Sift dry ingredients into bowl. Break eggs into another bowl and mix until yolks and whites are blended. Add milk to eggs. Make a hole in the middle of dry ingredients and pour in egg mixture. Stir in flour little by little until mixed. Add melted butter. Stir.

Set aside 1-6 hours at room temperature. If too thick add more milk, the mixture should be as thick as heavy cream.

Add 1/3 or 1/2 ladle of mixture to a heated, buttered pan. Cook until brown, flip, cook until brown. Serve!

Twist, twist, Whynot–here it is!

Chile-encrusted pan-seared bean curd in a garlic-ginger peanut aioli over wilted greens, if you’re a total freakin’ snob, or Tofu Kale Stuff if you’re not.

First, put some brown rice on the stove to cook.
Next, chop up
-1 Block tofu
into bite-sized pieces. Put in a bowl and add:
-Several cloves crushed garlic
-A good handful dried chile flakes
-A large marble-sized chunk of fresh grated ginger
-A healthy splash of tamari, and
-Enough water to cover.

You can marinate this for a few hours if you’re patient, or you can schlep the bowl in the microwave for 7 minutes if you’re impatient (heating the stuff up acts as a quick marinade)

Drain the tofu and reserve the marinade. Add
-A healthy splash of oil
to a large pot and heat till hot. Saute the tofu until it starts to turn golden. Meanwhile, add
-A giant spoonful of natural peanut butter
to the marinade, and whisk it in thoroughly.
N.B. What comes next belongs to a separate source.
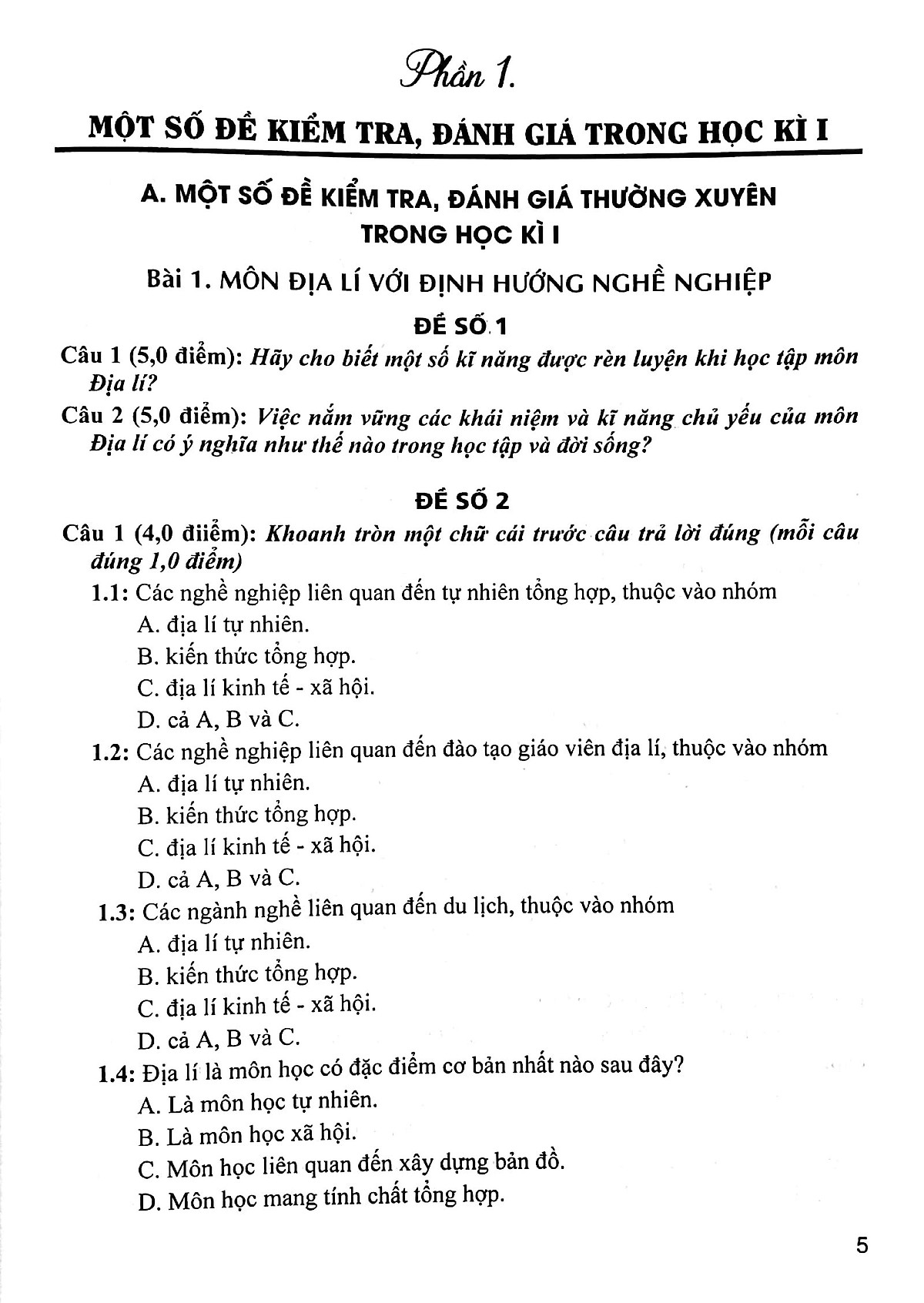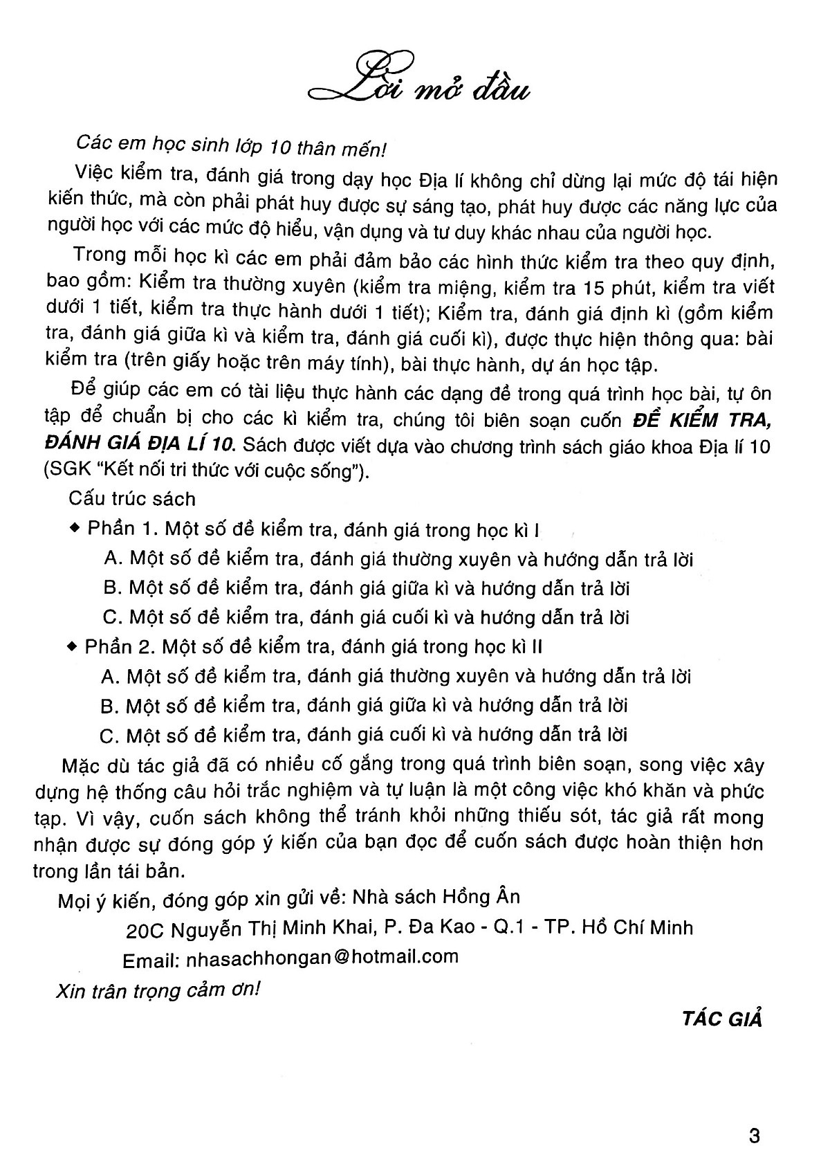 Để giúp các em có tài liệu thực hành các dạng đề trong quá trình học bài, tự ôn tập để chuẩn bị cho các kì kiểm tra, chúng tôi biên soạn cuốn ĐỀ KIỂM TRA, ĐÁNH GIÁ ĐỊA LÍ 10. Sách được viết dựa vào chương trình sách giáo khoa Địa lí 10 (SGK “Kết nối tri thức với cuộc sống”).

Pour the peanut-marinade mixture into the pot, scraping all the good stuff off the bottom of the pot. Cook on low simmer until the peanut sauce is starting to thicken, stirring occasionally. Adding a bit of toasted sesame oil and/or sesame seeds is tasty.

Meanwhile, chop
-1 bunch kale
into bite-sized pieces
and add them to the pot once the peanut sauce is a bit thickened. Put a lid on it and simmer until the kale is tender, and stir it in. You may have to take the lid off and let it cook a bit more to rethicken the sauce–the kale has a lot of water in it.

Serve over the rice, in bowls, for a spicy, warming, filling meal.